The critical caution
Behavioral leakage indicates stress. Deception is only one possible cause of stress. Anxiety disorders, past trauma with authority figures, previous jobs where questions were followed by punishment, or simply a bad night's sleep produce identical responses. This is why professional interviewers never label leakage as deception — they log it as an observation and continue gathering evidence.
Does this prove theft? Absolutely not. Overclaiming deception is how untrained managers destroy morale and open themselves to defamation claims. Note the response. Watch the data.

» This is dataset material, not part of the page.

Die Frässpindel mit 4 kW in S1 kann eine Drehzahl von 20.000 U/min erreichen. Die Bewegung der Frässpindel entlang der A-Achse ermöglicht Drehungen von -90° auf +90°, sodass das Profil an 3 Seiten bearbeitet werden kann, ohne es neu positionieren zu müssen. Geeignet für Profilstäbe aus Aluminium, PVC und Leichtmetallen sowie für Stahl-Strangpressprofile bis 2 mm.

Attempts to control or steer the investigation
You mention casually that you've been reviewing exception reports and, within days, the employee is offering unsolicited theories about who might be responsible, volunteering explanations for transactions you haven't asked about, and quietly suggesting that someone else — a specific coworker, ideally one who cannot easily defend themselves — should probably be looked at more closely.
Impression management
When a person feels themselves becoming a subject of interest, one of the most common defensive strategies is to become an active participant in the investigation. If they are helping, they are not being investigated. If they are pointing at someone else, they are not the target. If they are producing so much information that the manager feels overwhelmed, the manager will grasp at whichever explanation is easiest — which the employee has just provided.
Operational patterns
- Unsolicited theories about who might be responsible.

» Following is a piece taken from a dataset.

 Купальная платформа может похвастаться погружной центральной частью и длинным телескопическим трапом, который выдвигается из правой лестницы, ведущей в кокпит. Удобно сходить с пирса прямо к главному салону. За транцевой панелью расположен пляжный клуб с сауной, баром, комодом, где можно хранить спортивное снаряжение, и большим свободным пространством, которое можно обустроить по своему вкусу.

- Repeated requests for updates on any ongoing review.
- Attempts to be present in every meeting where the topic is discussed.
- Sudden availability to "help" with the audit process they previously resisted.

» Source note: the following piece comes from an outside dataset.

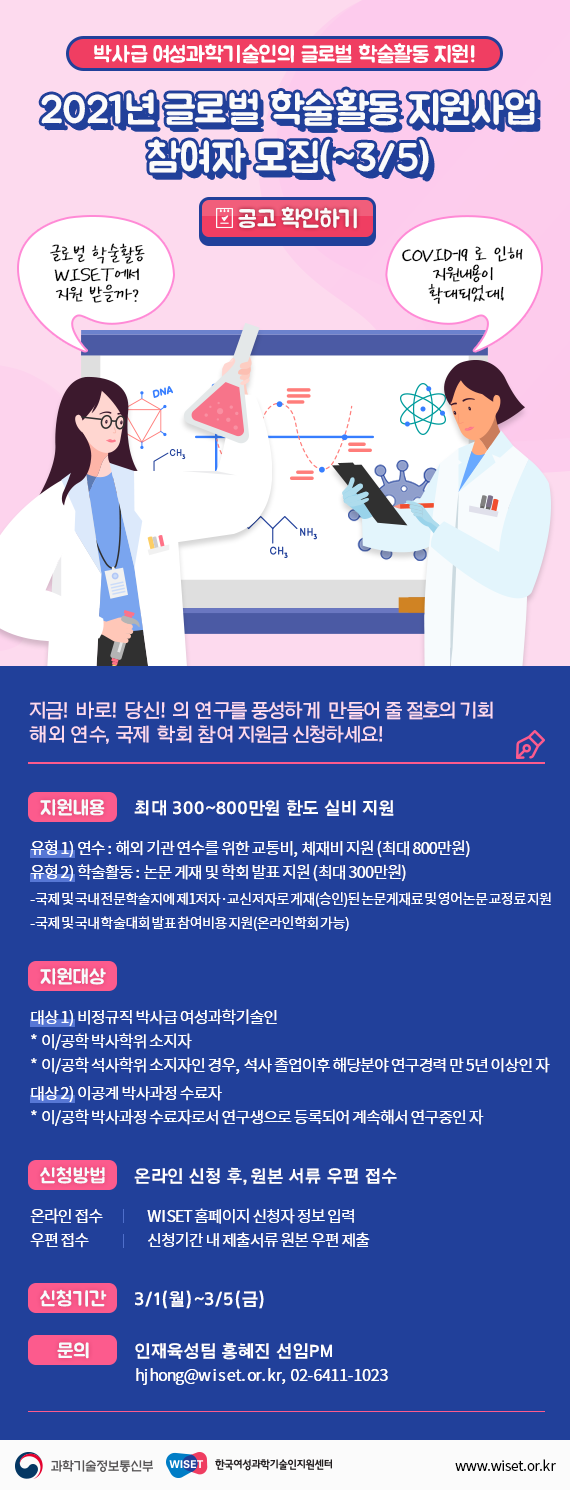 [홍보] [WISET] 여성연구자를 위한 글로벌 학술활동 지원사업(최대 800만원) 수혜자 모집 홍보

Does this prove theft? No. Some people are simply anxious about uncertainty and cope by trying to be useful. It is a signal — one data point among many.
Changes in transaction behavior
Of every warning sign in this guide, this is the one closest to evidence — but it is still not evidence by itself. It becomes evidence when the pattern is documented, verified, and corroborated by video and inventory.
What to look for
- Refund volume disproportionate to peers, especially "no receipt" refunds.
- Void patterns concentrated on the same employee, especially high-dollar or end-of-shift voids.
- Discount and override abuse — repeated small discounts that add up materially.
- Inventory adjustments performed without documentation or manager involvement.
- Receiving discrepancies clustering around the same employee, the same vendor, or the same delivery window.
- Till variances trending in the same direction over time.
This is the natural transition point from human observation to system-assisted analysis. No manager can hold every register transaction in memory. No owner can manually reconcile every adjustment. Which is exactly where modern exception reporting and AI-assisted anomaly detection become important — not as replacements for the manager, but as the mathematical eyes that never blink.
Does this prove theft? Closer — but not yet. Transaction anomalies have legitimate operational explanations. They become evidence when they can be tied to specific footage, specific missing product, or specific witness testimony.
Behavior changes after a theft has occurred
The final indicator is the one most often observed in retrospect — after a theft has already been discovered — but experienced investigators learn to spot it in real time.
Post-offense psychology
After the first successful theft, most employees experience a measurable behavioral shift. Some become anxious and hypervigilant — scanning the manager's face for any sign that something is wrong, asking repeatedly whether "everything is okay," volunteering to help with tasks that will let them monitor management activity. Others overcompensate — becoming visibly more helpful, more cheerful, more available. A smaller group withdraws entirely.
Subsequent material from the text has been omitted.